We also worked on making our robot into a lizard. His name is Larry the Lazy Lizard. We are going for the “Best in Show” option for all of the assignments and our animals that we create seem to help us achieve that. He is so cute! You can see Larry the Lazy Lizard on the track and doing well in the picture at the top of this page. We plan to add back legs and make him seem even more like a lizard.

Robot Line Following Challenge!!!

Today we tested our robot. Our robot (pictured above) is supposed to follow a path which is a solid black line. It should have gone around the track twice then stop on red square. Our robot this time was a cute little mouse! We named her Mimi and she was all ready to go for the testing.
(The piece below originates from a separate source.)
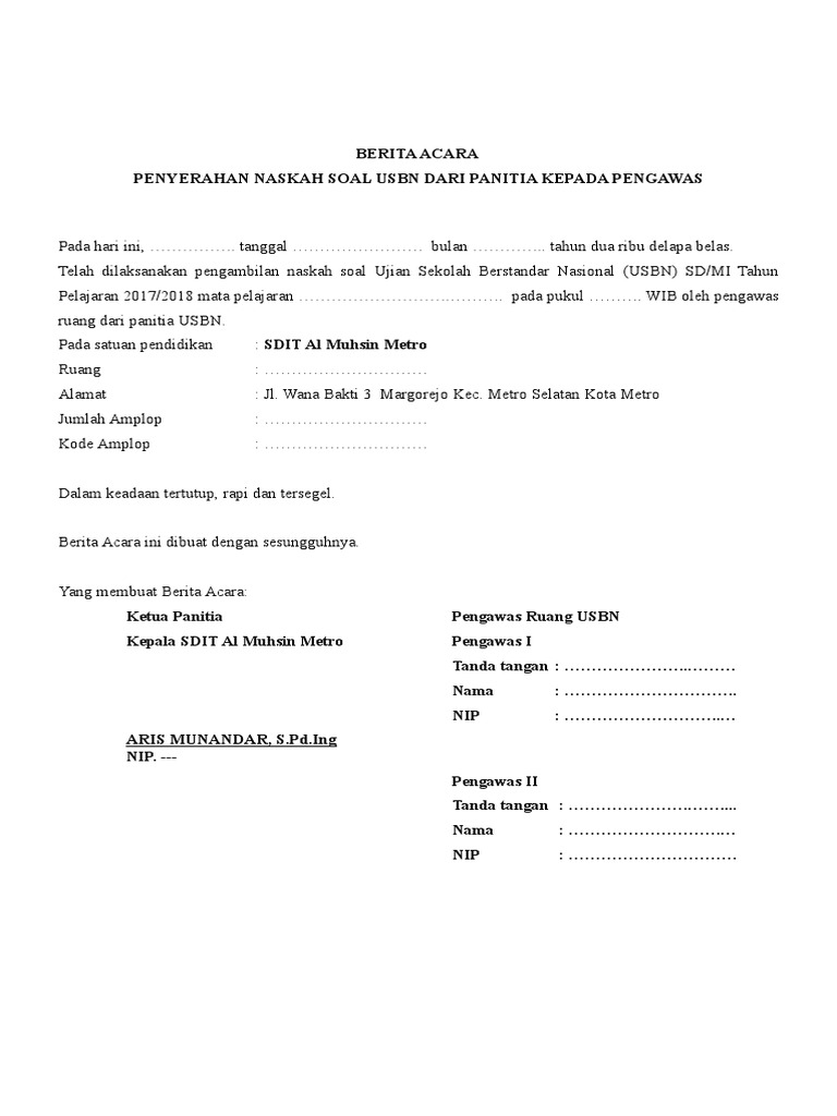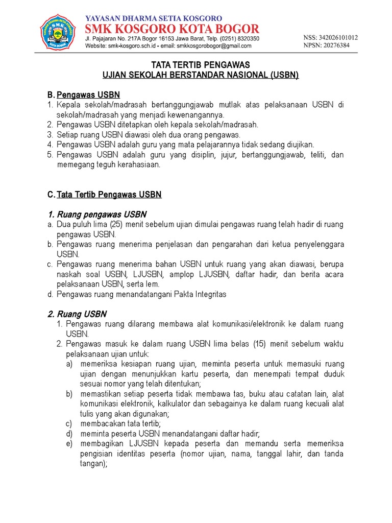 Instrumen Pelaksanaan Usbn Smk Nahdlatul Ulama Balikpapan Smk Nu

We had many software problems to figure out this time around. We were having trouble with calibrating the robot to recognize the black line and therefore follow it. We ran out of time in the end so we could not add the part when we would have our robot stop on red. Therefore, when our robot made it around the track once and hit the red square, it turned around and started going the other way around the track. We still got points for it going around the track twice, but it was unable to stop on red. Our time was pretty fast; it was 1 minute 29 seconds. Overall we did just as good as the other teams. It seemed that we were not the only team having troubles with this challenge. This project seemed very advanced and even hard to figure out completely.
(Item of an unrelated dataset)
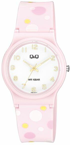 Q&Q női karóra, rózsaszín műanyag tok, rózsaszín műanyag szíj, fehér számlap, V06A-014VY (4207-2)
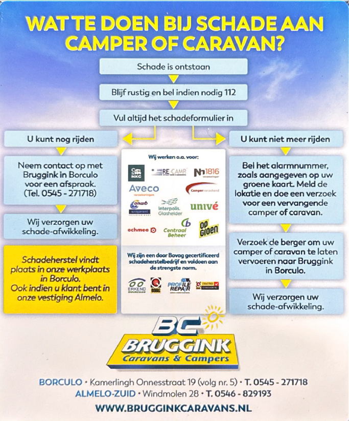 Zowel de genoemde verzekeringsmaatschappijen als Bruggink Caravans & Campers nemen dan de overige zaken uit handen, waardoor het proces voor u kinderlijk eenvoudig is.

During mentor session, we worked on the next task which is to have our robot follow a line that has about 1 inch breaks throughout it. We are very lucky that we don’t have to build a new robot. We are able to use the same robot that we used in the previous challenge. This saved us a lot of time that we used to work on the program. We are trying to rework the software to coast when the gaps appear on the track and then just move on until it reaches the next black line. Our problem today with the new task was trying to get the robot to keep on going and not freak out when the white gaps appeared in the track. We ended today with the robot still being able to follow the line and getting past only a few gaps. The problem that we will tackle on Wednesday is to have the robot make it past all of the gaps instead of just one or two.  

Tug-of-war Competition!

(our group minus Takumi)

Today is the day that we tested our robots. We spent the first part of class charging and preparing our robot for battle. Our robot is now an elephant. Her name is Jillian and she is absolutely adorable (see picture below).  After we charged Jillian up, she was ready to beat everyone in the tug-of-war contest.

On the first round, we beat the team. After that we lost our battle with the team that initially won the whole contest. We won 2 out of 2 of our games. Our robot would of done so much better if we had added extra weight. The two teams that beat us both were weighed down. Later after the completion when both of those teams took off their weight, we beat both of them. If we would of known that we could of added weight, we would of won the whole contest. Our design was overall the best and the most creative.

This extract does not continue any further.